Effects of woven textures on the mechanical and shape memory properties of epoxy-based shape memory polymer composites

Abstract

Woven fabrics are widely employed to enhance the mechanical properties and shape memory performance of shape memory polymers (SMPs). Although prior research has extensively investigated the effects of fiber fraction and laminate architectures on the thermomechanical properties of woven fabric reinforced shape memory polymer composites (WFR-SMPCs), the mechanistic understanding of mesoscale architectural features, particularly how woven textures influence the mechanical properties and shape memory behavior of SMPCs, remains inadequately explored. This investigation pioneers a mesostructure-driven design paradigm, correlating woven textures with shape memory anisotropy through mechanical testing and shape memory performance test. Three types of WFR-SMPCs were created using different woven carbon fiber fabrics (plain, twill, and satin) combined with an epoxy-based SMP. Microstructure analyses of these fabrics and their composites were performed. Uniaxial tensile tests explored the mechanical behavior and failure mechanisms of WFR-SMPCs in both fixed and programmable states, thereby assessing the impact of different woven textures on their mechanical properties.
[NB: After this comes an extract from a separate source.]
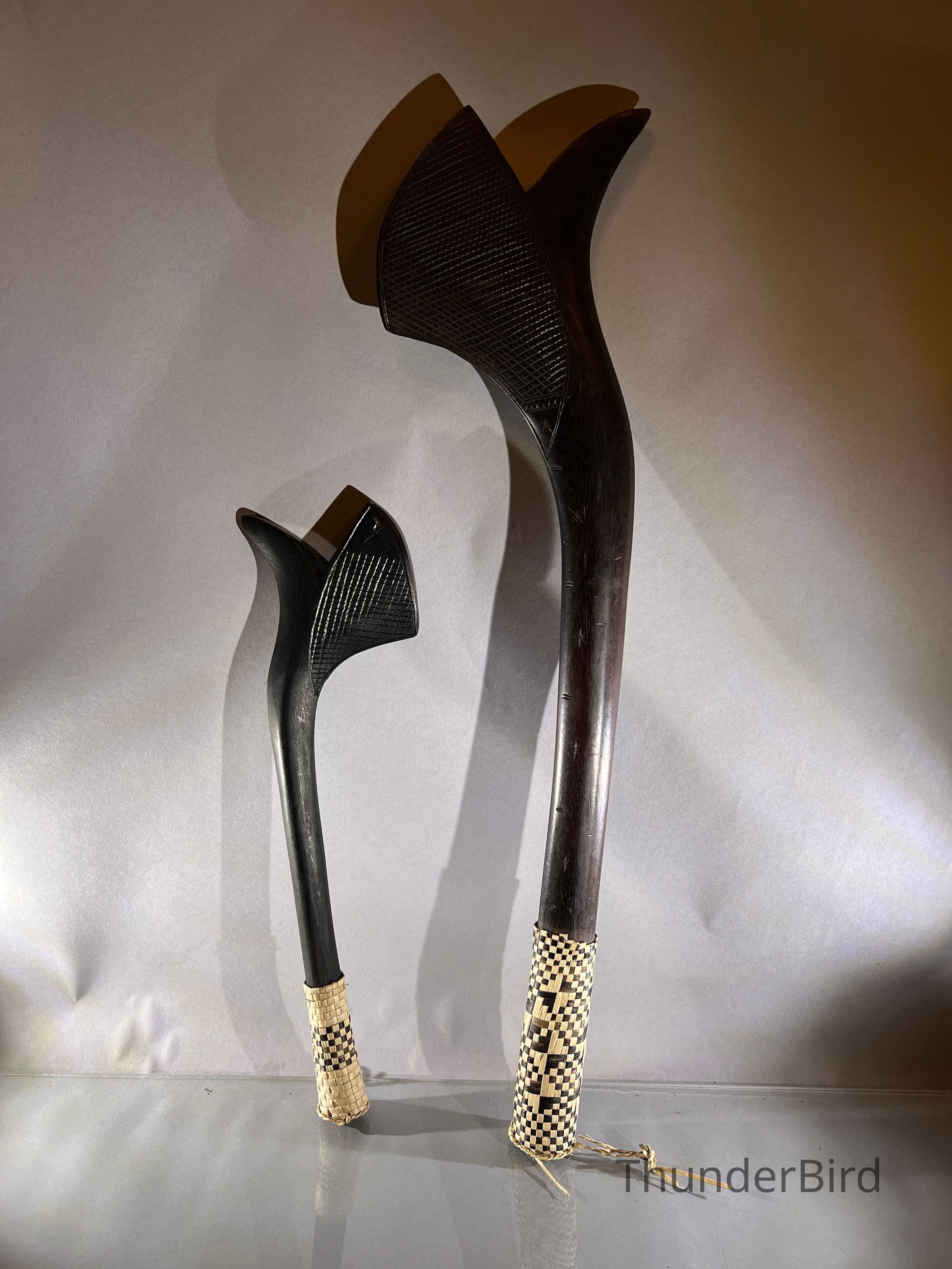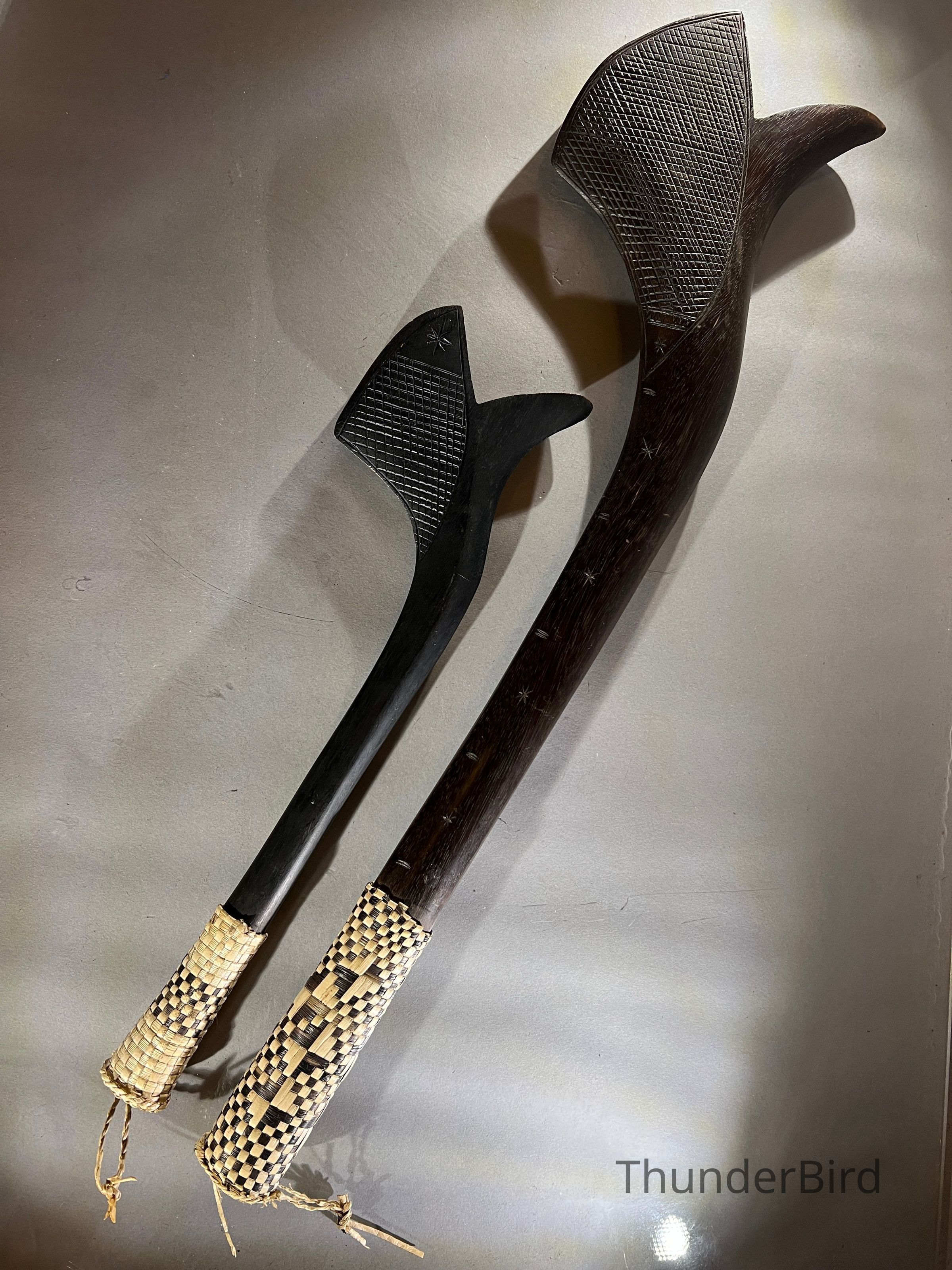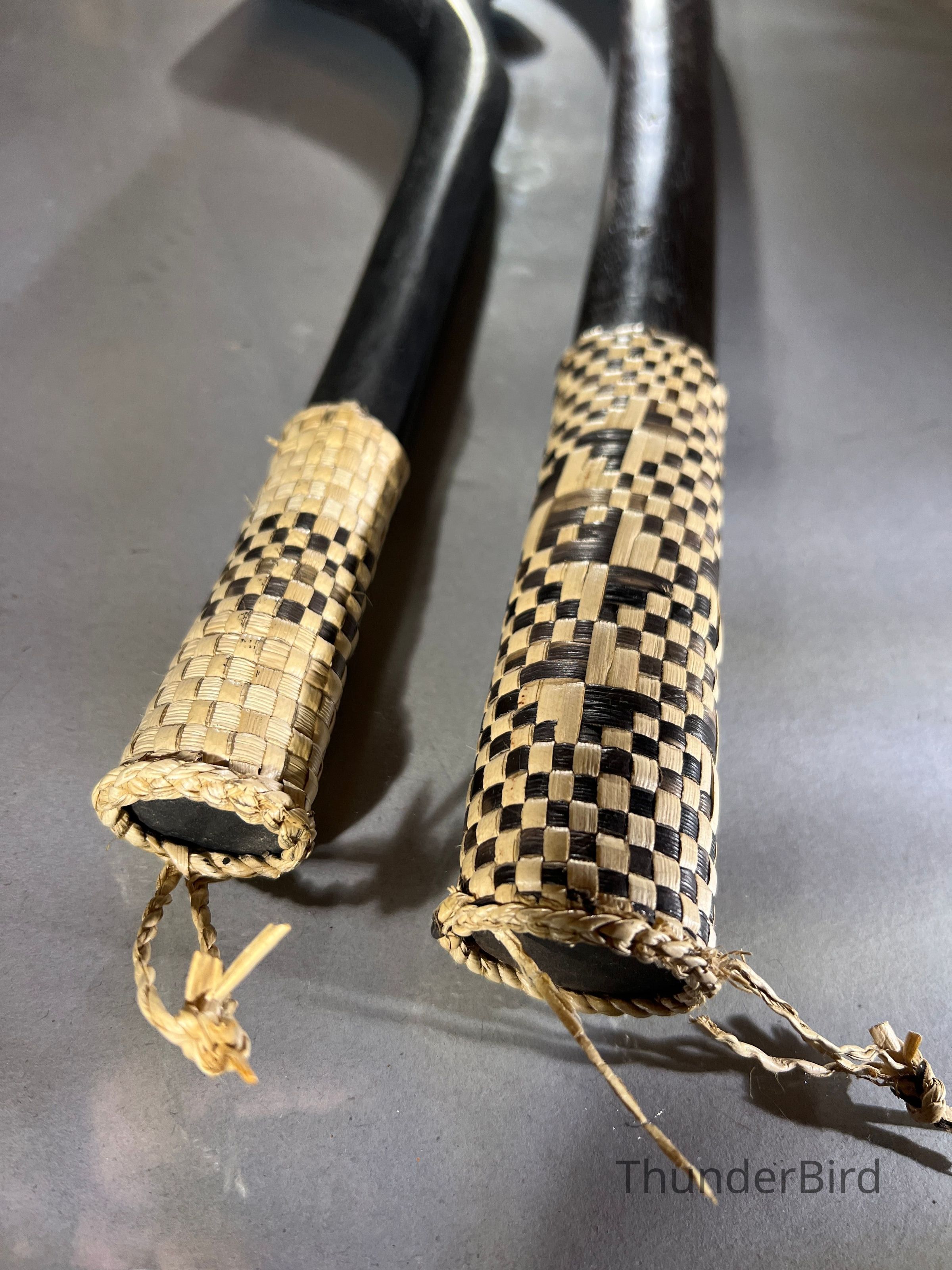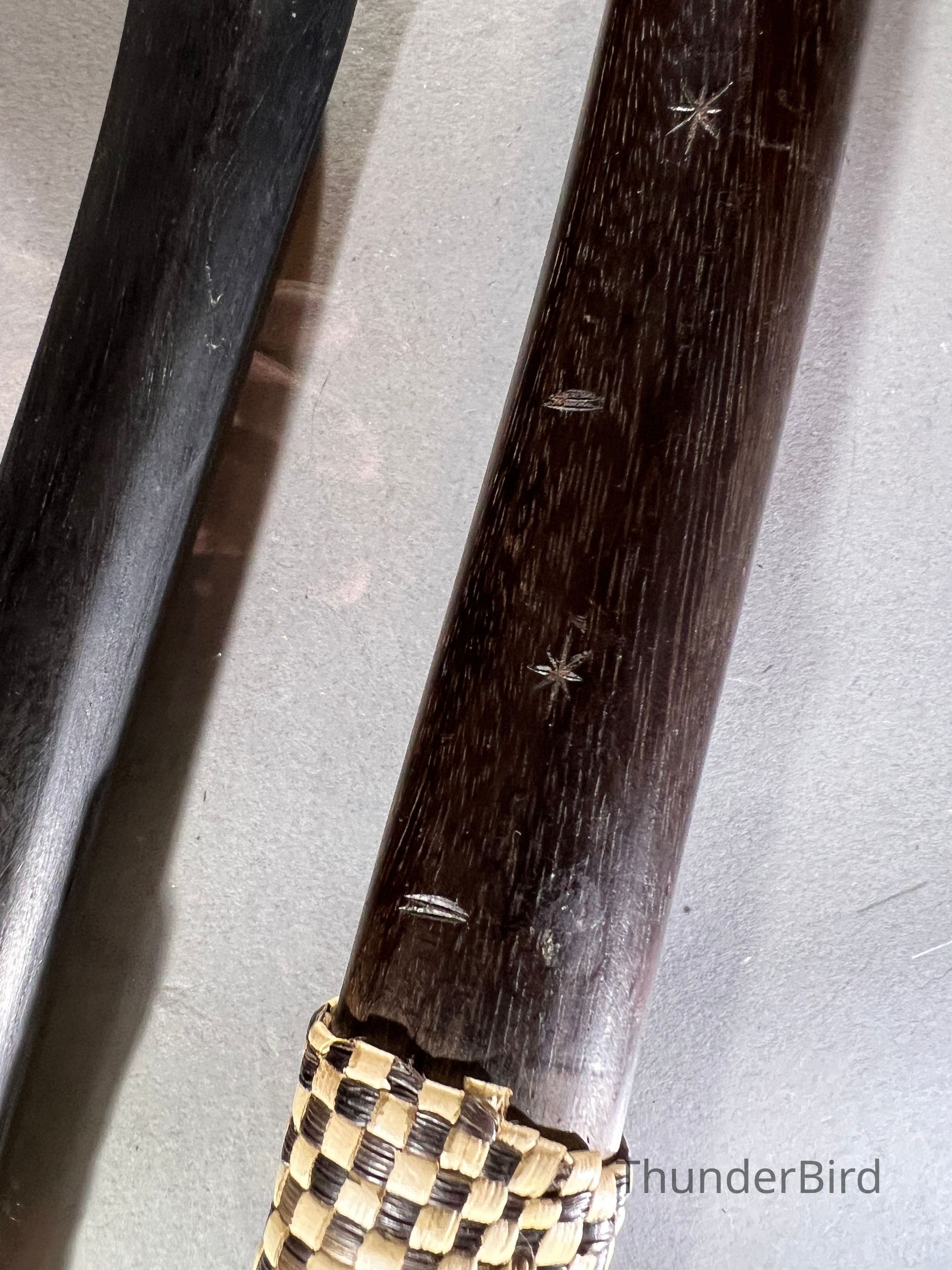 A striking pair of traditional hand-carved Pacific Island war clubs, featuring intricate cross-hatch carving and finely woven natural fibre grips. These clubs are crafted from dark hardwood and exhibit detailed geometric and starburst motifs. Such clubs were historically used in ceremonial, status, and combat contexts across various Pacific cultures.

Additionally, bending deformation-recovery experiments assessed the shape memory performance, revealing how weave texture influences this characteristic. The experimental results indicated that woven fabric reinforcement markedly improves the mechanical properties of SMP. Variations in tow interlacing across weave types led to differing mechanical properties and shape memory performance in both (0/90) and (±45) orientations. This research offers critical insights for optimizing the design and application of WFR-SMPCs in engineering contexts.